◆ PROBLEM TO WORK ON ◆
Look through the listing below for the line containing "身材嬌小的圓臉美女,拎着五顏". Copy it and each line after it up to and including the line containing "第三章 铁 金属材料(教师版)", exactly, leaving out pictures.

*** RECORDS FOR THE TASK ***

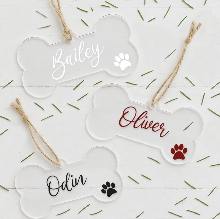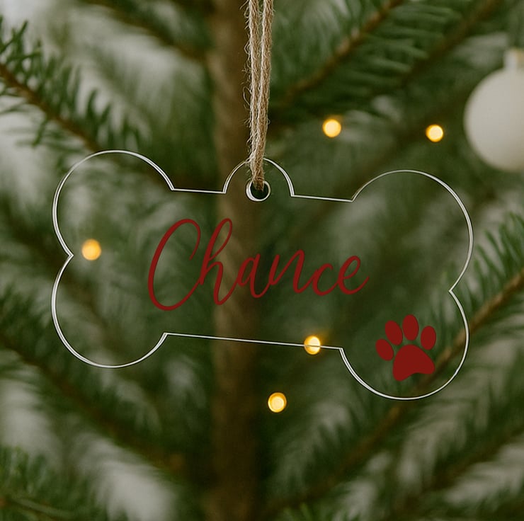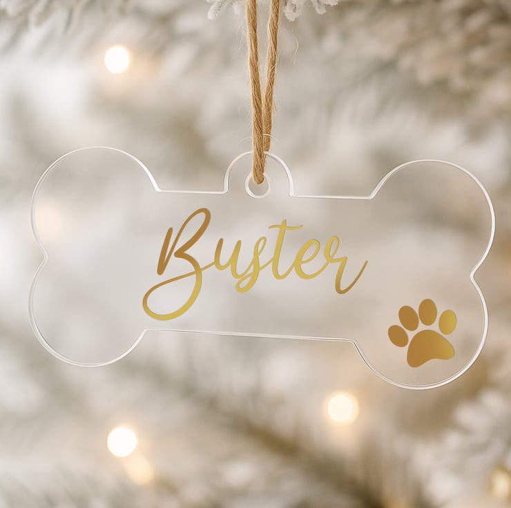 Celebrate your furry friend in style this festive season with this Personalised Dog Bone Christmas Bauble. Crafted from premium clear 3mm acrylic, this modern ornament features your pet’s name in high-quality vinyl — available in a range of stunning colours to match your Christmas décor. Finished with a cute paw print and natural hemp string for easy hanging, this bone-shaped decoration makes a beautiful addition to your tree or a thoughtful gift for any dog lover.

*** End of RECORDS FOR THE TASK ***
*** RECORDS FOR THE TASK ***

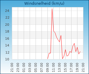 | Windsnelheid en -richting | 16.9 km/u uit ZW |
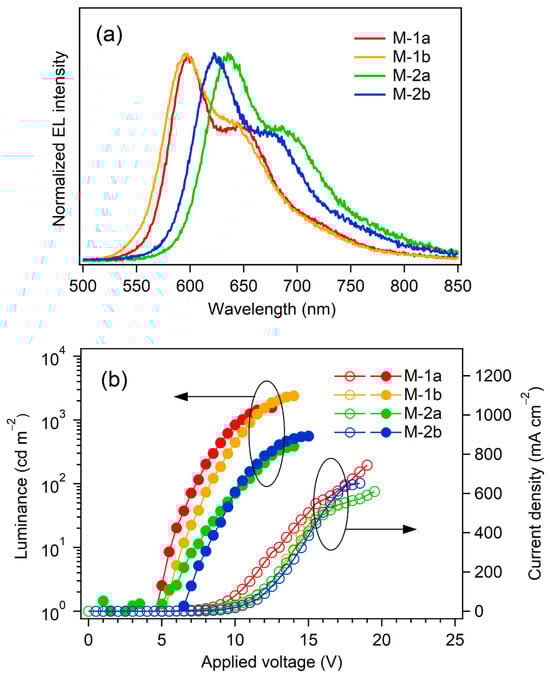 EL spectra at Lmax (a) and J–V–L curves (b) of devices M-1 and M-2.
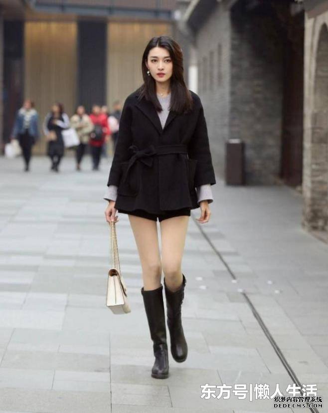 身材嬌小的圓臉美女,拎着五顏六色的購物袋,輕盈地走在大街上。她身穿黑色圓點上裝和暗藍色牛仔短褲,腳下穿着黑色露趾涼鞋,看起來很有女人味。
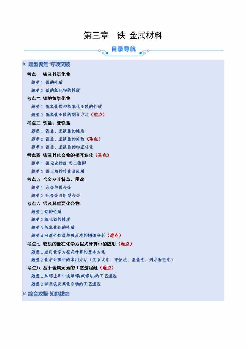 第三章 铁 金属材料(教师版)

*** End of RECORDS FOR THE TASK ***

◆ SOLUTION FOR THIS PROBLEM ◆
 身材嬌小的圓臉美女,拎着五顏六色的購物袋,輕盈地走在大街上。她身穿黑色圓點上裝和暗藍色牛仔短褲,腳下穿着黑色露趾涼鞋,看起來很有女人味。
 第三章 铁 金属材料(教师版)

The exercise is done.